— Суде, — сказал он, — слушай мой последний приказ.
Молодой человек остановился.
— Положи меня у подножия этого дуба.
Суде не решался повиноваться.
— Я все еще твой командующий, — властно приказал Шаретт, — так повинуйся мне!
Смирившись, молодой человек уложил командующего у подножия дуба.
— Так! — сказал Шаретт. — А теперь хорошенько слушай. Король, назначивший меня главнокомандующим, должен узнать, как я погиб. Возвращайся к его величеству Людовику Восемнадцатому и расскажи ему, что ты видел. Такова моя воля!
Шаретт говорил так торжественно, что маркизу де Суде, к которому тот впервые обращался на «ты», и в голову не пришло ослушаться.
— А теперь поспеши, — продолжал Шаретт, — нельзя терять ни минуты, вон идут синие!
В самом деле, на опушке леса показались республиканцы.

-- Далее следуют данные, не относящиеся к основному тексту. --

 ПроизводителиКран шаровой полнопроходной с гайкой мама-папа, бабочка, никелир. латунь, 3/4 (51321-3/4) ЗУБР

Суде пожал руку, протянутую Шареттом.
— Обними меня, — сказал командующий.
Молодой человек обнял его.
— Довольно, — сказал Шаретт. — Иди!
Суде взглянул на Жана Уллье.
— Пойдешь со мной? — спросил он.
Но крестьянин угрюмо покачал головой.
— Что мне, по-вашему, там делать, господин маркиз? — сказал он. — Здесь-то я…

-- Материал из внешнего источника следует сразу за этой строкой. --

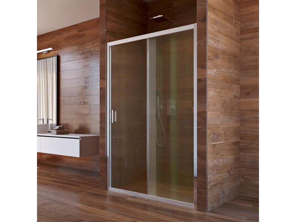 Hliníkové profily v barvě chrom, sklo Point, síla skla 6 mm, rozměr 100 cm, výška 1900 mm.
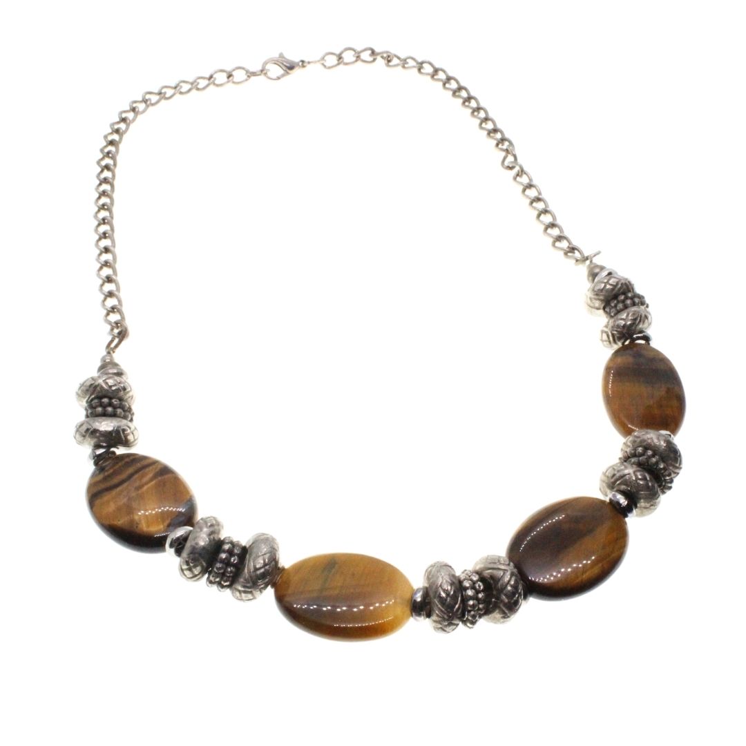 Necklace – Silver Tone Chain Vintage. Tigers Eye Stones with Silver Metal Beads – ML3303
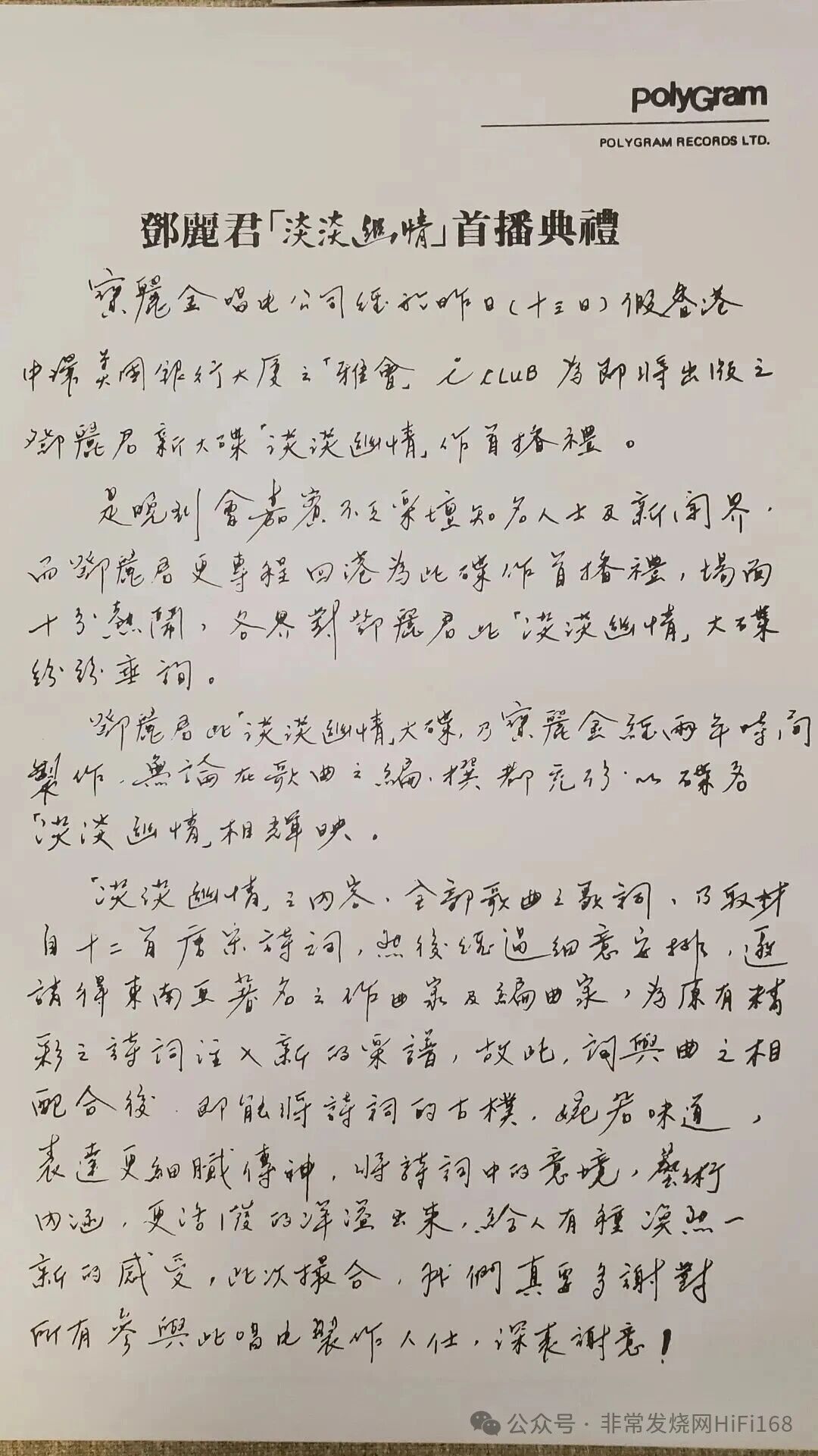 在邓丽君璀璨的音乐生涯中,1982底年发行的《淡淡幽情》无疑是一座难以逾越的丰碑。这张专辑不仅是华语流行乐坛首张将古典诗词与现代音乐完美融合的跨界之作,更因其超凡的艺术价值与录音品质,成为无数发烧友心中永恒的“试音天碟”。而在众多版本中,流传于电台的推广版黑胶唱片,则承载着一段更为独特和珍贵的历史记忆。

— А что ты будешь делать здесь?
— Если мы когда-нибудь свидимся, господин маркиз, я вам расскажу об этом.
И Жан Уллье выстрелил два раза по республиканцам, что подошли ближе других.
Оба республиканца упали.
Один из них был старшим офицером; солдаты сгрудились вокруг него.
Жан Уллье и маркиз де Суде воспользовались этой задержкой и углубились в лес.
Но вскоре они расстались: Жан Уллье увидел заросли кустарника и скользнул в них словно уж, на прощание махнув рукой маркизу де Суде.
А тот продолжил свой путь.
II
КОРОЛЕВСКАЯ БЛАГОДАРНОСТЬ
Маркиз де Суде добрался до берега Луары, нашел рыбака, и тот доставил его на мыс Сен-Жильда.
В море недалеко от берега он увидел английский фрегат.
За несколько лишних луидоров рыбак доставил маркиза прямо на фрегат.
Взойдя на борт, он почувствовал себя в безопасности.
Два или три дня спустя фрегат встретился в море с трехмачтовым торговым судном, готовившимся войти в Ла-Манш.
Это был голландский бриг.
Маркиз де Суде попросился на этот корабль, и английский капитан доставил его на борт.
Голландский бриг высадил маркиза в Роттердаме.
Из Роттердама он добрался до Бланкенбурга, маленького городка в герцогстве Брауншвейгском, избранного Людовиком XVIII своей резиденцией.
Ему надо было исполнить последнее поручение Шаретта.
Людовик XVIII ужинал: время приема пищи было для него всегда священным.
Бывшему пажу пришлось ожидать, пока его величество не закончит трапезу.
Только после ужина он был допущен к королю.
Он рассказал о событиях, которые видел собственными глазами, особенно подробно остановился на последнем бое и говорил при этом так красноречиво, что его величество, не слишком впечатлительный от природы, от избытка чувств даже воскликнул:
— Довольно, довольно, маркиз! Да, шевалье де Шаретт служил нам верой и правдой, мы признаем это.
И он зна́ком приказал маркизу удалиться.
Гонец повиновался; но, выходя за дверь, он услышал раздосадованный голос короля:
— Что за болван этот Суде — рассказывать такое после ужина! Это же может расстроить мне пищеварение!
Маркиз был самолюбив; он подумал, что быть названным болваном тем, ради кого он рисковал жизнью в течение шести месяцев, — весьма сомнительное вознаграждение.
В кармане у него оставалась сотня луидоров; в тот же вечер он покинул Бланкенбург, говоря себе:
«Если бы я знал, какой прием меня здесь ожидает, не стал бы тратить столько усилий, чтобы добраться сюда!»
Он вернулся в Голландию, откуда отплыл в Англию. И там начался новый период в жизни маркиза де Суде. Он был из тех людей, кого обстоятельства лепят по своему подобию: они сильны или слабы, отважны или малодушны в зависимости от среды, где оказываются по воле случая. В течение шести месяцев ему пришлось участвовать в ужасной вандейской эпопее и стать достойным ее; он обагрил своей кровью лесные заросли и песчаные пустоши Верхнего и Нижнего Пуату; он стоически выносил не только непостоянство военного счастья, но и терпел лишения, какие выпадают на долю тех, кто ведет партизанскую войну: разбивал бивак на снегу, скитался без хлеба, без теплой одежды, не находил крыши над головой в топких лесах Вандеи, и за все время у него не возникло ни сожаления, не вырвалось ни единой жалобы!